● **PROBLEM**:
Starting at the line below with "너무나도 응원하는 커플이기에" and stopping at the line with "消防官兵奮力撲火 中廣網(wǎng)呼和浩特2月1日消息 (記者阿都欽", please print each line exactly, those two included, and skip every picture.

*** Opening of EXERCISE MATERIALS ***

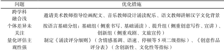 “三位四维”协同实践模式通过汉字工作坊、音疗诵读角、艺术创作团三大载体的联动,有效解决了青少年语言素养培育中的实践难题。实践表明,该模式能显著提升青少年的语言基础、语感表达、创造性运用与文化传承能力,且具有较强的可操作性与推广价值。后续进一步扩大实践范围,结合不同地区文化特色优化活动内容,推动青少年语言素养培育常态化、实效化。
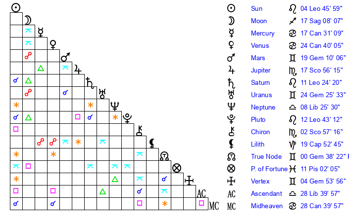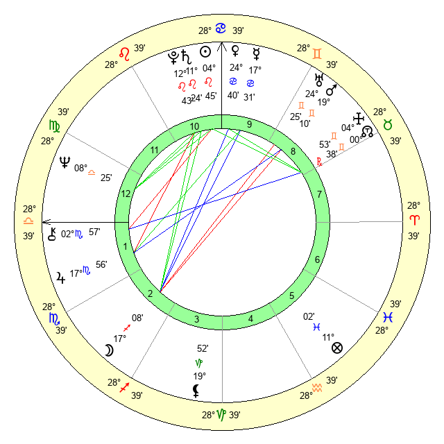 | Venus | 24 Cancer 40 | 27 Gemini 10 | 1 Scorpio 25 |
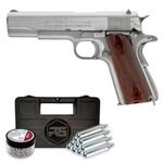 A Pistola Airgun SA 1911 Cromada BlowBack 4,5mm Co2 Kit dispara no modo Semi Automática com velocidade de 330fps - 101m/s e energia de 1,8 Joules Ver mais
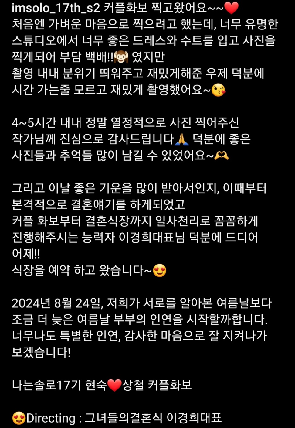 너무나도 응원하는 커플이기에 좋은 소식 들려줘서 정말 고마워요. 두 분 항상 앞날에 행복이 가득하시길 바랍니다. 얼른 나솔 3호 베이비가 될 수 있는 아이도 낳고 더 기쁨이 배가 되시길 바랍니다. 결혼 축하드립니다.
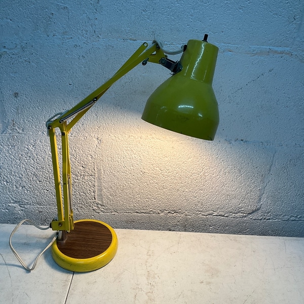 Retro-style lamp with adjustable arm and vibrant green shade. Perfect for study or office spaces.
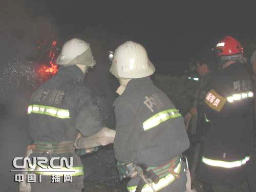 消防官兵奮力撲火 中廣網(wǎng)呼和浩特2月1日消息 (記者阿都欽 通訊員王保國)1月31日19時51分,內(nèi)蒙古阿榮旗消防大隊接到報警稱:新發(fā)鄉(xiāng)長發(fā)屯六組趙恩才家后院草垛發(fā)生火災。接到報警后,阿榮旗消防大隊立即出動2臺消防車迅速趕往現(xiàn)場,到場后合理采取戰(zhàn)術,圍堵了火勢蔓延,成功地阻止了一起農(nóng)村火災連營的發(fā)生。
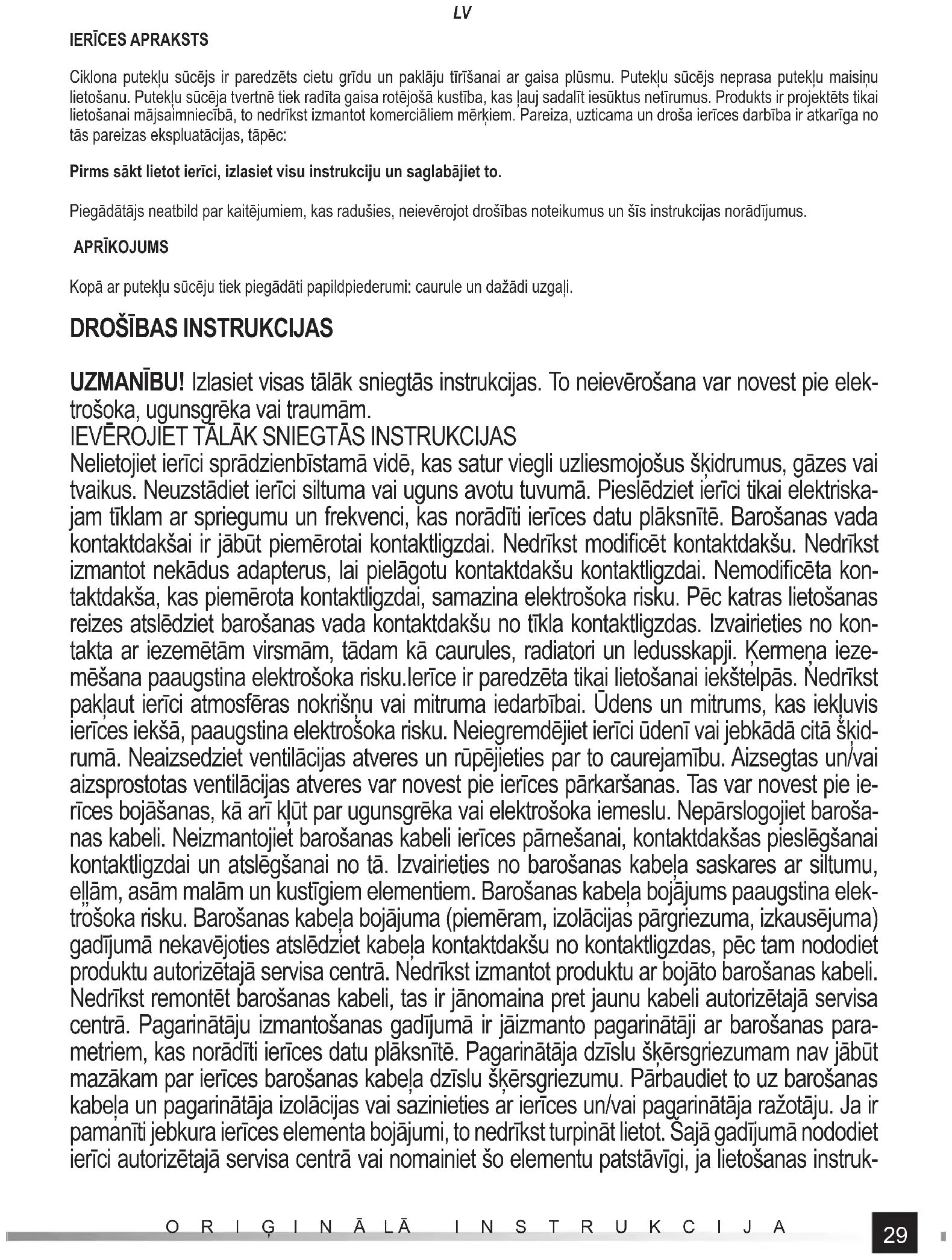 Ciklona putekļu sūcējs ir paredzēts cietu grīdu un paklāju tīrīšanai ar gaisa plūsmu. Putekļu sūcējs neprasa putekļu maisiņu lietošanu. Putekļu sūcēja tvertnē tiek radīta gaisa rotējošā kustība, kas ļauj sadalīt iesūktus netīrumus. Produkts ir projektēts tikai lietošanai mājsaimniecībā, to nedrīkst izmantot komerciāliem mērķiem. Pareiza, uzticama un droša ierīces darbība ir atkarīga no tās pareizas ekspluatācijas, tāpēc: Pirms sākt lietot ierīci, izlasiet visu instrukciju un saglabājiet to. Piegād ātājs neatbild par kaitējumiem, kas radušies, neievērojot drošības noteikumus un šīs instrukcijas norādījumus. APRĪKOJUMS Kopā ar putekļu sūcēju tiek piegādāti papildpiederumi: caurule un dažādi uzgaļi.

*** Close of EXERCISE MATERIALS ***

● **TASK RESPONSE**:
 너무나도 응원하는 커플이기에 좋은 소식 들려줘서 정말 고마워요. 두 분 항상 앞날에 행복이 가득하시길 바랍니다. 얼른 나솔 3호 베이비가 될 수 있는 아이도 낳고 더 기쁨이 배가 되시길 바랍니다. 결혼 축하드립니다.
 Retro-style lamp with adjustable arm and vibrant green shade. Perfect for study or office spaces.
 消防官兵奮力撲火 中廣網(wǎng)呼和浩特2月1日消息 (記者阿都欽 通訊員王保國)1月31日19時51分,內(nèi)蒙古阿榮旗消防大隊接到報警稱:新發(fā)鄉(xiāng)長發(fā)屯六組趙恩才家后院草垛發(fā)生火災。接到報警后,阿榮旗消防大隊立即出動2臺消防車迅速趕往現(xiàn)場,到場后合理采取戰(zhàn)術,圍堵了火勢蔓延,成功地阻止了一起農(nóng)村火災連營的發(fā)生。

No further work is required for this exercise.